Int J Neurosci. Author manuscript; available in PMC 2010 July 8.
Published in final edited form as:
PMCID: PMC2899480
NIHMSID: NIHMS216323

Blood Pressure and Cognitive Function in Older adults with Cardiovascular Disease

Abstract

Background

Past studies link elevated blood pressure (BP) and BP variability to adverse neurocognitive changes in community samples. However, little is known about the relationship between BP indices and cognitive function in older CVD patients.

Methods

A total of 99 older adults with CVD completed a comprehensive neuropsychological test battery. Resting BP measurements were collected every 10 minutes for two hours during a separate cardiac assessment. Five BP indices were generated: average and standard deviation of systolic blood pressure, average and standard deviation of diastolic blood pressure, and a function of systolic variability and average diastolic pressure. We examined the relationship between these BP indices and cognitive function.

Results

Partial correlation adjusting for age and education revealed that the function of systolic variability and average diastolic pressure (systolic BP standard deviation divided by the average diastolic BP) was most closely related to test performance, showing significant associations to both Learning/Memory (r = 0.25) and Language functioning (r = 0.22). Systolic BP indices were also related to Language functioning (SBP avg, r = 0.22; SBP sd, r = 0.25), though diastolic BP indices were unrelated to performance in any cognitive domain.

Conclusions

The current findings indicate that BP is modestly related to cognitive function in older CVD patients. Contrary to expectations, greater BP variability was associated with better, not poorer, cognitive test performance. Such findings suggest that the relationship between BP and cognitive function is more complicated than typically hypothesized and requires further examination.
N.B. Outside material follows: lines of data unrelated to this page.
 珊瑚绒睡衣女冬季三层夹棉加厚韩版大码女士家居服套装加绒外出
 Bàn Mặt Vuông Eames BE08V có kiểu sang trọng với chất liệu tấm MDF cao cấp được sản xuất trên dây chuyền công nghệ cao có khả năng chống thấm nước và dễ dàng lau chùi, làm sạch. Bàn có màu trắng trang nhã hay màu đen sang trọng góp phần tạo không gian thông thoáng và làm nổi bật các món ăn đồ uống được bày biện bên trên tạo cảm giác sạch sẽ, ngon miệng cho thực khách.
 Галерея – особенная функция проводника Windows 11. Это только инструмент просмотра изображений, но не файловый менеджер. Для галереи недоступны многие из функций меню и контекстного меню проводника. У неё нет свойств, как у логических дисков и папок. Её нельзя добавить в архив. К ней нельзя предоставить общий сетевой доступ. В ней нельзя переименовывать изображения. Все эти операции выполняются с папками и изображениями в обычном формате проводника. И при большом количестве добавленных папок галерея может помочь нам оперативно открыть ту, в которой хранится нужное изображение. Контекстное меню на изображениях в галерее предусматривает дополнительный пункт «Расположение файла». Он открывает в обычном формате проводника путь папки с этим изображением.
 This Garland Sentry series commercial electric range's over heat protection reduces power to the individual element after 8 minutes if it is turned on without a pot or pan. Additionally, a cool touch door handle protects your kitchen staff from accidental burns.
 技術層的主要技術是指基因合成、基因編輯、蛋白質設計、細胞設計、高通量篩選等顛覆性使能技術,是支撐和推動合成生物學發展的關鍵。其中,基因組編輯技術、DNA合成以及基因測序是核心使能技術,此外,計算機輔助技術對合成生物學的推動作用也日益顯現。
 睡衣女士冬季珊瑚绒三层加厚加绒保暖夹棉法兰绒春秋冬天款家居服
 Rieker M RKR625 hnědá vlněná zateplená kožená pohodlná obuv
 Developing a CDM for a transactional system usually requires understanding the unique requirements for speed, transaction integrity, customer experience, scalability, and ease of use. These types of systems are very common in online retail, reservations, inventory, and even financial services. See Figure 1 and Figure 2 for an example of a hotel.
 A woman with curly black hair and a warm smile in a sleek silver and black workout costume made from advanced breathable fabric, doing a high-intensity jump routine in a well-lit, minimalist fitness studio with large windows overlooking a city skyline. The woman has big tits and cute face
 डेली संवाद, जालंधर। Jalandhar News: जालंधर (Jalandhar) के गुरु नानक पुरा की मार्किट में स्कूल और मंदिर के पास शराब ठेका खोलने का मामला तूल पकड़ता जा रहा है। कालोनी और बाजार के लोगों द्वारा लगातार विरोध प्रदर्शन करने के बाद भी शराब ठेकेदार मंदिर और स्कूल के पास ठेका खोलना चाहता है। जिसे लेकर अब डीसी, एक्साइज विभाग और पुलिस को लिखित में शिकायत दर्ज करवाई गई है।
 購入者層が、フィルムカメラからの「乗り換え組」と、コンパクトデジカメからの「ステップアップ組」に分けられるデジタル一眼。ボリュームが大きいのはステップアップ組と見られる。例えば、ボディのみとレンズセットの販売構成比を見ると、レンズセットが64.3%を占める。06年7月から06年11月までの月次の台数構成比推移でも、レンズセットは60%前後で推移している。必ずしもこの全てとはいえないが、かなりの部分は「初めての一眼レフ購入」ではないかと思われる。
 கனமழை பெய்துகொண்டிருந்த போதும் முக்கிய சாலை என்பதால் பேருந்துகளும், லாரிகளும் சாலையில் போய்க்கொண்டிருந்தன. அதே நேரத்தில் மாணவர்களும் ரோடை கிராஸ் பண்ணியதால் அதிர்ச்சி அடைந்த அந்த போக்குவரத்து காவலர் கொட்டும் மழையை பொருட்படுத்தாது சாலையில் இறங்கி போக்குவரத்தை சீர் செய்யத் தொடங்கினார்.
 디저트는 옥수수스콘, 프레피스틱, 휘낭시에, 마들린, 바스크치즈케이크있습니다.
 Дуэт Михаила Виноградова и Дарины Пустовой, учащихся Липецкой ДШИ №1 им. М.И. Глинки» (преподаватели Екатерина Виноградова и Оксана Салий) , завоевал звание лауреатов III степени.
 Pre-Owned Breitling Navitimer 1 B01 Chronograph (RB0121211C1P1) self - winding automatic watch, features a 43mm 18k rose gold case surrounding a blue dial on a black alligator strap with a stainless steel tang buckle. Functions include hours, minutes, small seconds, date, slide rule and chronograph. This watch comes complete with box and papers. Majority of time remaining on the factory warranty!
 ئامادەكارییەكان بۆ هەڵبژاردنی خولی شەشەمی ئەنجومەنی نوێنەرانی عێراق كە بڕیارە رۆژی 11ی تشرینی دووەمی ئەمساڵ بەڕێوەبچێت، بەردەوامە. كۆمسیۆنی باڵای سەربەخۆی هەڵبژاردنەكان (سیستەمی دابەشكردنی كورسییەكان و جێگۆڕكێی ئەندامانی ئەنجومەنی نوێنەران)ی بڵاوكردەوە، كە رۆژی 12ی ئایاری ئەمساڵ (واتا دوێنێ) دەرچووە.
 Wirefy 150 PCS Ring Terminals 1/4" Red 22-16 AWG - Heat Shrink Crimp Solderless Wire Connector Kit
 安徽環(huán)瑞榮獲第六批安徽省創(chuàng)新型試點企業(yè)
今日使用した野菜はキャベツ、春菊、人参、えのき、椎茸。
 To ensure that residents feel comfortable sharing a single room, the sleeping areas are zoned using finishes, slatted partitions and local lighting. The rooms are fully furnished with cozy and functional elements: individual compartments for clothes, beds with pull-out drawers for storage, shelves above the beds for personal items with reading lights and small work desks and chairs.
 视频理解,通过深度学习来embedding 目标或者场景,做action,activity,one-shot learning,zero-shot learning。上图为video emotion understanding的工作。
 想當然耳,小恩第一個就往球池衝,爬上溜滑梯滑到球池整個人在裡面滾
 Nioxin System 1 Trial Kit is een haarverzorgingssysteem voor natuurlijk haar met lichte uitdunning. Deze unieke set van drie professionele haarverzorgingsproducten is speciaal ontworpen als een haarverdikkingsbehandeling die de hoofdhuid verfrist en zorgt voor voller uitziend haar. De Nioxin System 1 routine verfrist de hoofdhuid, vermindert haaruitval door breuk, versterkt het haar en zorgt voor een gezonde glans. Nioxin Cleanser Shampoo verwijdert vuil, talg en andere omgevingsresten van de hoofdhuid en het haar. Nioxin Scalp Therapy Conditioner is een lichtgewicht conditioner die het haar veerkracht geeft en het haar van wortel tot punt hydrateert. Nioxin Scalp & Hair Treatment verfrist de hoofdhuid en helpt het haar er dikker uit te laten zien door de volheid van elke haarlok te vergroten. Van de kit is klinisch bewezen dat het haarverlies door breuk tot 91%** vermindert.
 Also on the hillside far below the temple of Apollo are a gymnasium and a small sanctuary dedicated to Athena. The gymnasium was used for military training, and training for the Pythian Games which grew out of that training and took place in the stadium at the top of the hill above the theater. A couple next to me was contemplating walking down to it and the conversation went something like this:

Keywords: Blood Pressure, Cognitive Function, Heart Disease

Nearly one-third of adult Americans have hypertension, including more than 50% of people over 60 years of age (National Heart, 2006; Thom et al., 2006). Hypertension will likely become even more prevalent in coming years through the rise in obesity rates and the growing proportion of older adults in America (Harris et al., 2000; Merck Institute of Aging and Health et al., 2004). As a result, medical conditions that are caused or exacerbated by hypertension may also become more prevalent, including end stage renal disease, atrial fibrillation, and congestive heart failure (Heist & Ruskin, 2006; Johnson & Usherwood, 2005).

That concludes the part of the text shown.